The investigation also found complaints had been raised with the club’s supporter services team after the 2021 takeover about the presence and behaviour of groups from Scotland, but sources said those complaints received no substantive response. During Newcastle’s 1-0 Premier League win over Wolves on the weekend following the Barcelona controversy, a group of Scottish children were still present in the East Stand/Leazes End corner; the club has said those tickets have since been cancelled for future matches and will be made available to supporters.

Some schools and clubs in Scotland were reportedly targeted by the third-party operators as part of packaged travel offers, allowing the operators to bundle tickets with travel and accommodation and mask the markup. Kirkcudbright Academy announced that a planned Premiership Experience trip to the Newcastle game against Wolves had been cancelled after the tour operator said it had been advised by Newcastle United and Northumbria Police that, "as a matter of safety, no groups should attend the match." Northumbria Police said it had no involvement in the decision taken regarding the tickets.

Premiership Experience advertises packages for other Premier League clubs including Manchester United, Manchester City and Burnley; neither it nor PE5 Sports Tours responded to requests for comment from Daily Mail Sport.

Newcastle have emphasised that the practice has now been identified and addressed and that the club is taking steps to ensure season-ticket and membership rules are enforced. Supporters’ organisations, however, continue to demand answers about why the arrangements persisted for years, why senior executives were not notified, and whether other third-party operators hold season-ticket allocations within St James’ Park.
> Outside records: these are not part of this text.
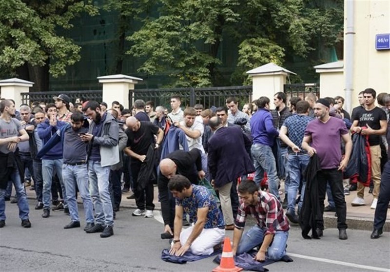 اعتراض مسلمانان روسیه در مقابل سفارت میانمار در مسکو +تصاویر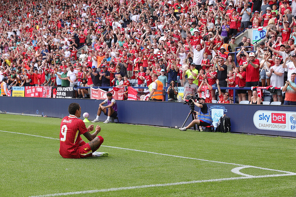 比賽中,利物浦占據(jù)主動(dòng)。第33分鐘,布拉德利包抄推射,利物浦1比0領(lǐng)先。第53分鐘,普雷斯頓后場(chǎng)失誤,努涅斯單刀破門,2比0。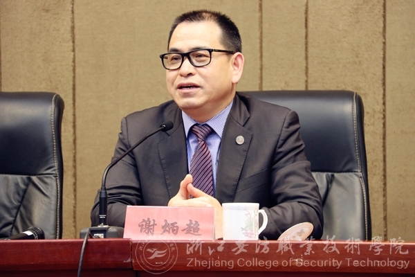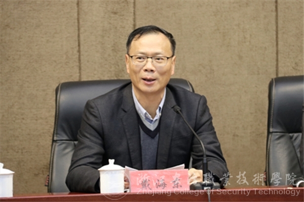 新世界发展集团有限公司董事长谢炳超作讲话,表示学院的专业与公司的人才需求相符度高,期待与安防学院通过合作定向培养的方式为新世纪发展集团储备能力强知识广素质高的专业人才。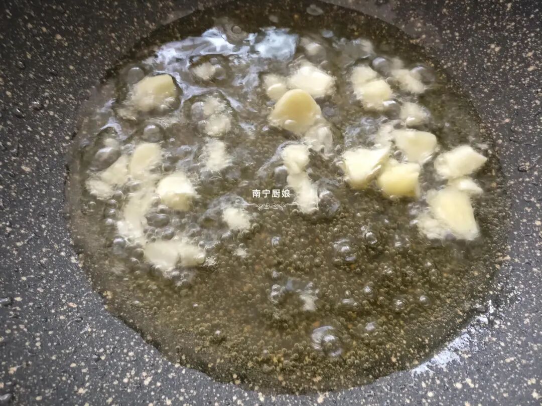 3、起锅倒入适量的花生油小火烧热,把蒜米倒进去爆香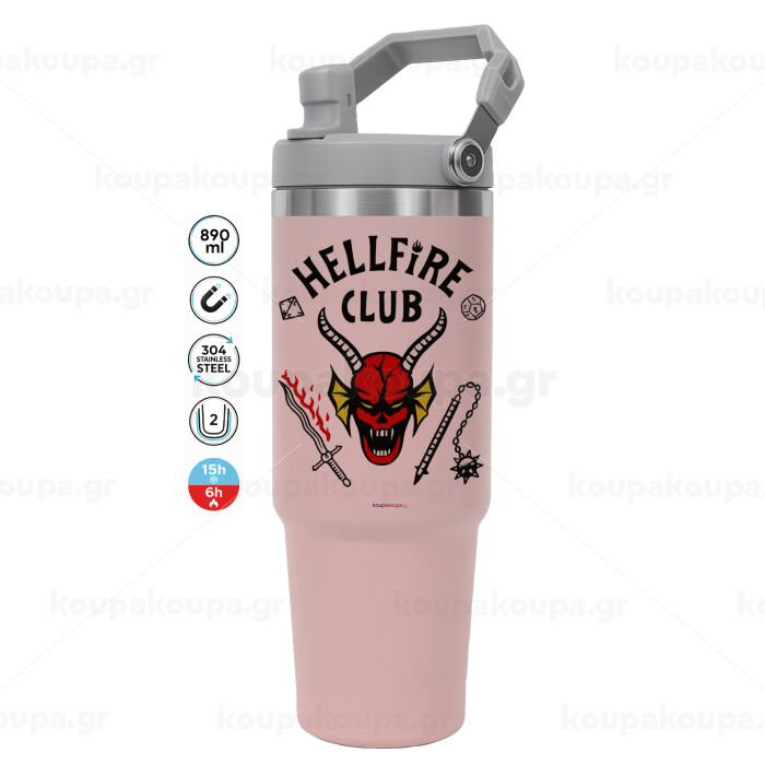 Hellfire CLub, Stranger Things, Pink color, 890ml (30oz) stainless Steel Tumbler with Handle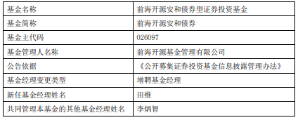 中国经济网北京4月13日讯 近日,前海开源基金公告,前海开源安和债券增聘田维。

The club said the affected tickets "will be made available to Newcastle United supporters through the club's existing ticket sale process," and it has removed the identified allocations. The investigation leaves outstanding questions about how many seats were involved over the decade-long period and whether similar resale routes existed elsewhere in the Premier League, matters supporters and the club say they will pursue further.